Many things can cause an English yew to turn brown, including overwatering, excessive sunlight, and soil that doesn’t have enough minerals. Additional causes include various plant diseases, fungi, and sudden temperature changes. Although yews can handle cold weather, drastic temperature drops can cause winter damage.
Poor Soil Quality
As mentioned above, not having enough nutrients, water, or oxygen in the soil will cause the yew to change colors. You can switch this up by adding new soil, but it’s important to get to the center of the issue.
If there’s not sufficient drainage, you can add loose soil and moss. If there’s too much drainage, you can add a bit of sand or gravel. Avoid clay if possible.
English yews aren’t too good under direct sunlight for more than a few hours daily. The same applies to long-lasting ice buildup.
If your yew looks brown after the season changes, the temperature is more than likely the primary cause. You’ll notice the tips of the needles turn brown before the rest of the limbs.
Disease, Rot, and Fungi
Phytophthora (the bacteria that causes root rot) is largely responsible for ruining an English yew’s roots and turning the needles brown. It’s easy to prevent but difficult to manage.

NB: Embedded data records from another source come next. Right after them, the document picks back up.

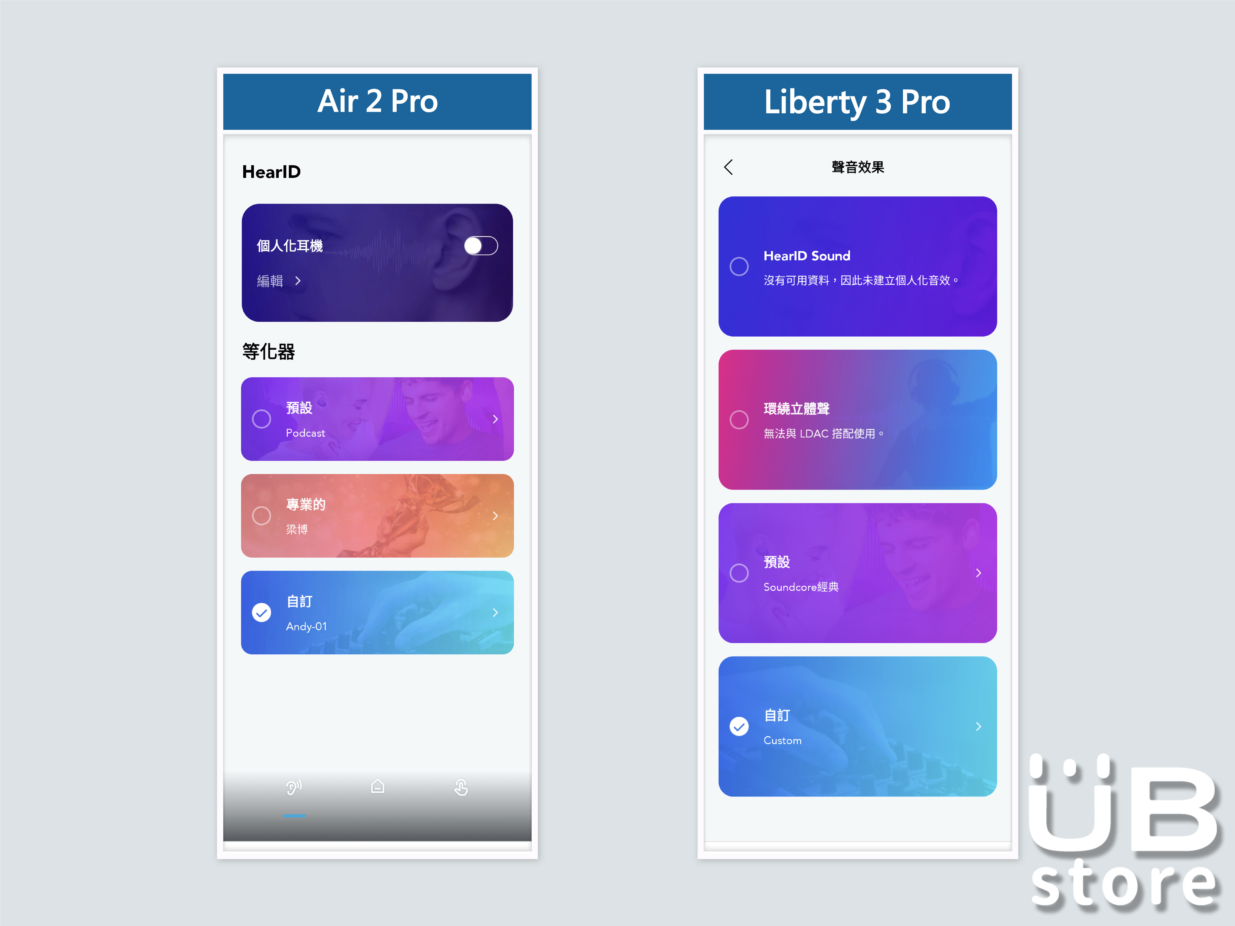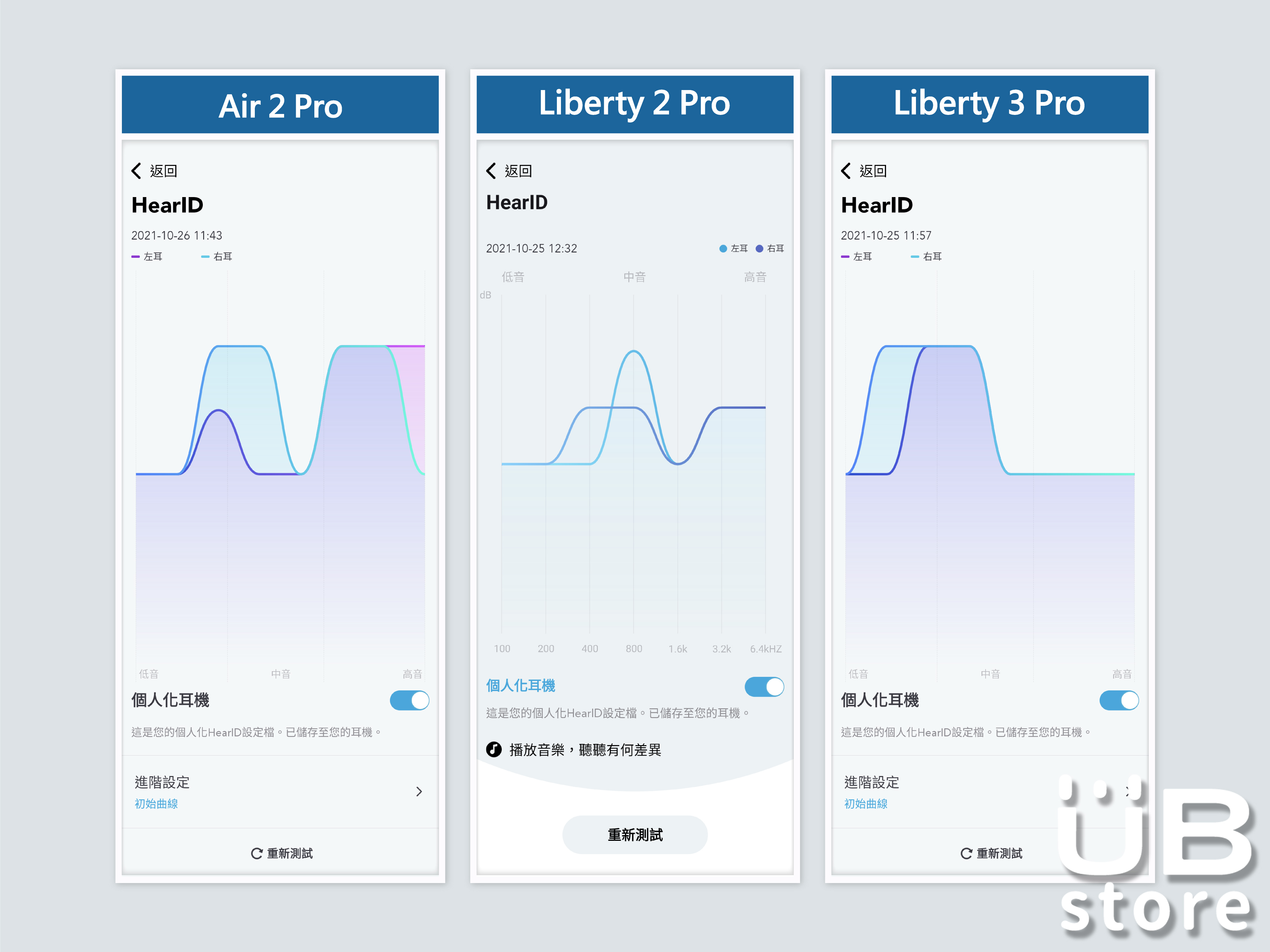 前面有提到「HearID 聽聞辨識」功能,分別在 Liberty 3 Pro、Liberty 2 Pro 和 Air 2 Pro 三款耳機所測試出來的結果都不一樣,聽感上也不同,我在猜想可能是因為耳機的發聲單體及聲音表現都有所不同的關係而有不一樣的結果,這邊放上我所測試出來的截圖給各位參考看看。
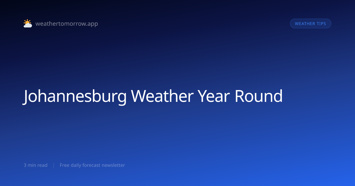 Johannesburg, South Africa — perched at 1,750m altitude, Johannesburg enjoys warm days, cool nights, and spectacular afternoon thunderstorms in summer. Whether you are planning a holiday or a business trip, understanding the weather helps you pack right and make the most of your time.
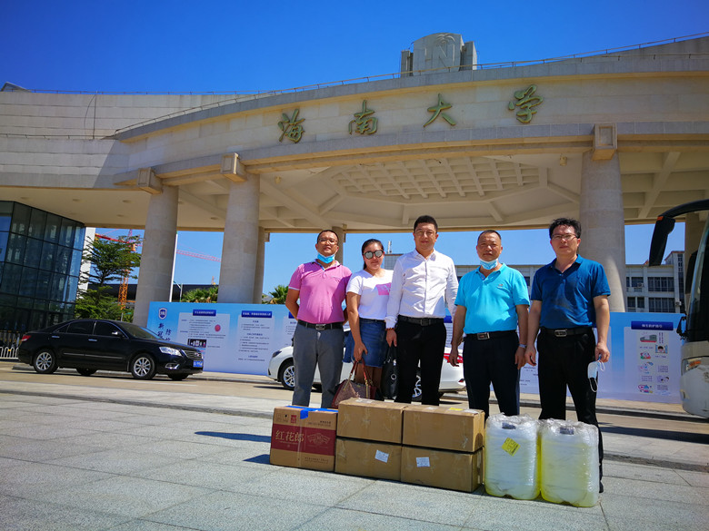 5月7日,上午10:00,YABO鸭脖官网2007届校友王大伟总监代表恒大海花岛有限公司,向YABO鸭脖捐赠防疫物资1800个医用口罩、2箱免洗消毒液,10桶消毒液,助力YABO鸭脖官网打赢新冠肺炎疫情防控阻击战。
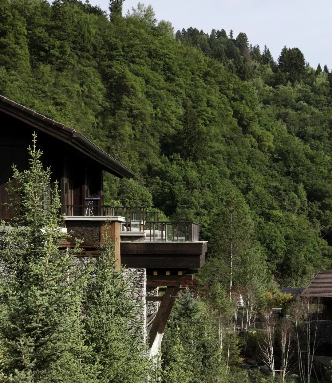 “我们精心处理主要建筑的布局和朝向,以利用和框出远处的景观。大堂的主窗/露台正对山谷尽头的雪峰,而中央区域的大部分窗户则聚焦于山谷对面的原生村落,营造出一种对话并加强场所感和归属感,”Chiara 介绍道。为了尊重周边环境,建筑的规模和排布经过深思熟虑,看起来就与传统村庄中经年累月的建筑群无异。
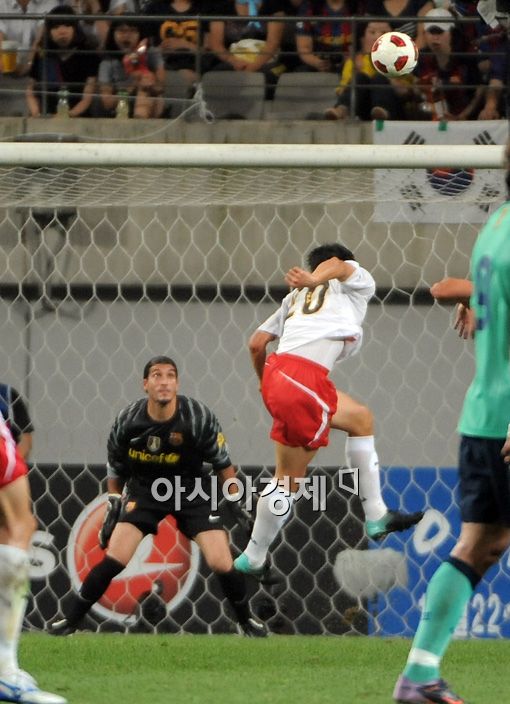 [상암=아시아경제 한윤종 기자]4일 오후 상암동 월드컵경기장에서 열린 'FC바르셀로나 초청 K리그 올스타전'에서 K리그 올스타 이동국 선수가 역전 헤딩슛을 넣고 있다.
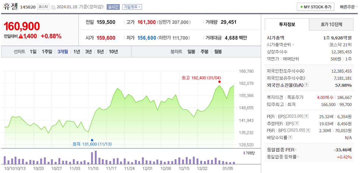 이 글에서는 휴젤 주가 전망과 목표 주가, 기업 정보에 대해서 설명합니다. 주식 거래에서 중요한 부분은 현재 기업 가치보다는 미래의 기업 가치를 예측하고 먼저 행동하는 것입니다. 투자할 종목을 고르기 전에 현재 기업의 상황과 지표를 살펴보는 것이 중요합니다. 휴젤 주식의 주요 현황과 투자 정보를 확인하시고 주식 투자에 도움이 될 만한 정보들을 모아 놓았으니 투자 시 참고하시기 바랍니다..
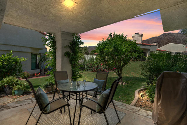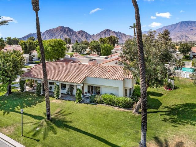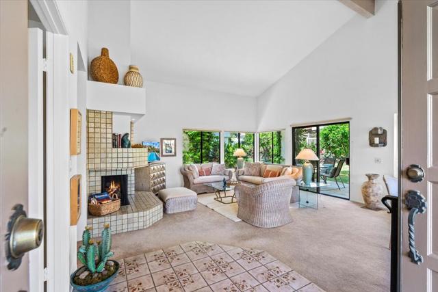 Embrace your dream of the desert! This rare location is a light-filled extravagance of mountain views, seldom found in this three-bedroom Chapala model! Volume ceilings emphasize the spacious living-dining area, which offers ample room for entertaining. A charming fireplace enhances the appeal on those chilly mornings, and a patio opens onto a green space alive with Bougainvillea and fruit trees. The nearby pool and spa beckon you to enjoy a few laps or a relaxing soak after a game of golf, pickleball, or tennis! Encircled by the Santa Rosa Mountains, every room of this beautiful home offers a view! The spacious master suite boasts a romantic fireplace, and opens to a serene private patio. Dual closets and a recently redone bath with a double vanity and an oversize step-in shower complete the luxurious feel. Your guests will enjoy the serenity of the second bedroom adjoining the hall bath, which has also benefited from a recent contemporary remodel. The current sitting room/office space can easily be converted to a third bedroom, perfect for the friends who want to share in your new lifestyle! Santa Rosa cove offers 10 pools and spas, 3 tennis courts, and enviable proximity to the La Quinta Resort and Old Town La Quinta. Two golf courses wind through the community, and the Pete Dye Clubhouse is on site for dining, drinks and events. Your desert dream begins here!
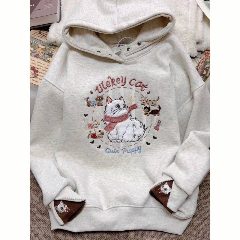 韩系卡通风可爱猫咪植绒刺绣连帽卫衣设计感小众百搭情侣上衣外套
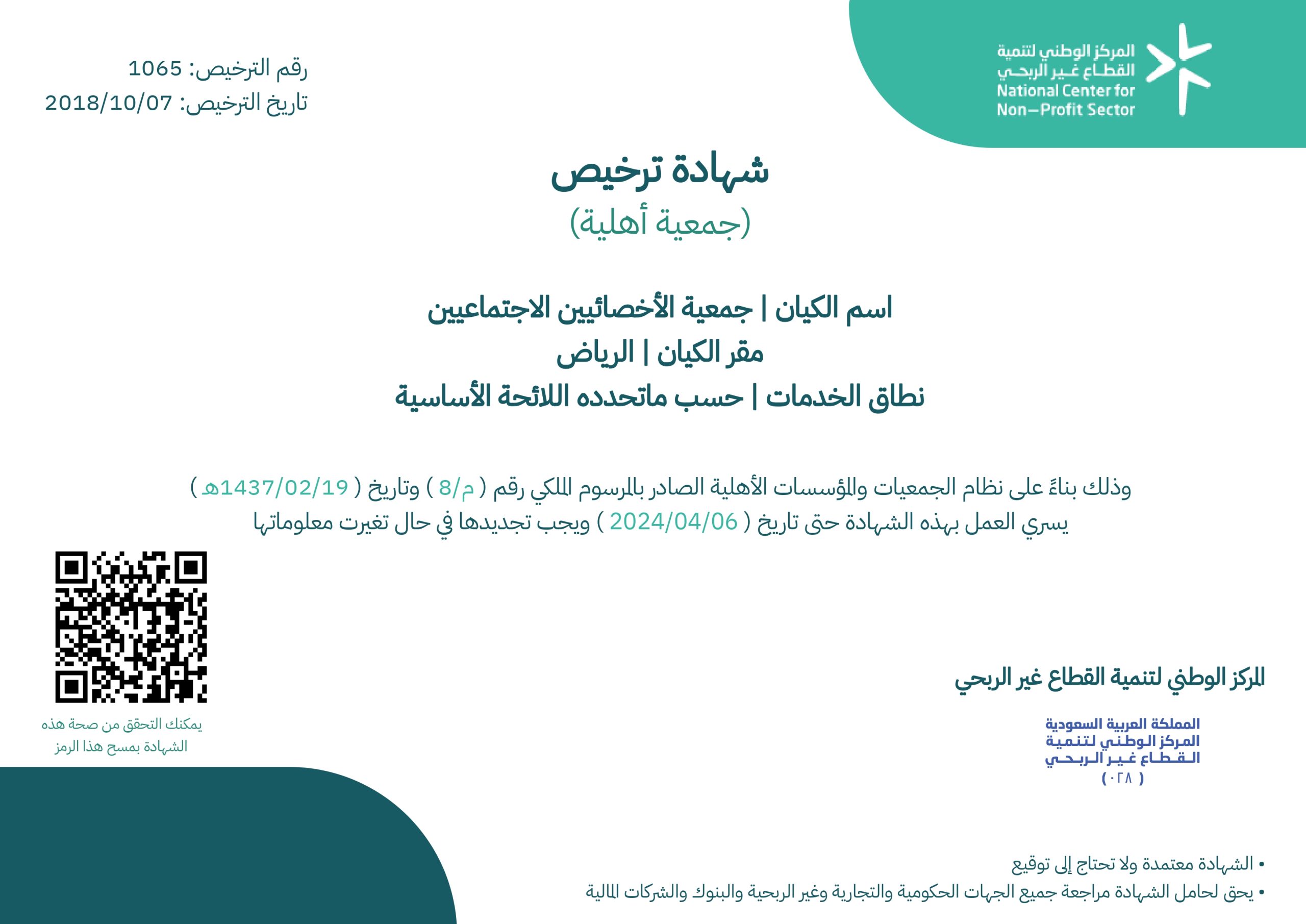- المساهمة في رفع مستوى الوعي بدور الأخصائيين الاجتماعيين.

You can stop root rot in its tracks by never overwatering the plant, aiding the soil drainage, and keeping other plants with the disease away from the English yew.
Now that you know what causes your English yew to turn brown, it’s time to find out how you can prevent it from happening in the first place. Read on for more helpful tips and yew maintenance suggestions.
Preventing an English Yew From Browning
You can prevent an English yew from browning by ensuring the soil always has fresh topsoil, compost, or mulch. Another great trick is to put a sunshade over your yew plants since most of them require filtered sunlight.
Direct sunlight can be problematic, so a small sunshade can work wonders for your garden.
The good news is that most English yews can recover in the spring without any intervention (source). Winter damage browns the needles and limbs, making the plant look like it’s on its last leg. That being said, it might only need a little bit of warmth to pull through.
You can also wrap the base with burlap fabric.
Another cause is using harmful chemicals on or around the English yew. Make sure you only use high-quality, all-natural pesticides, herbicides, and fungicides in your garden.
While some plants can handle the harsh chemicals, others (such as the English yew) can’t. It’s best to stay on the safe side and keep your plants from losing their colors.
While it’s not as common, transplanting an English yew can make it look brown for a little bit. The roots can be shocked by the transition, making it difficult for them to absorb a lot of moisture and nutrients. However, this issue typically goes away on its own.
English yews are tough and can almost always come back after turning brown. The recovery method depends on what’s causing the discoloration, but it typically has to do with soil, water, or pruning. Good luck!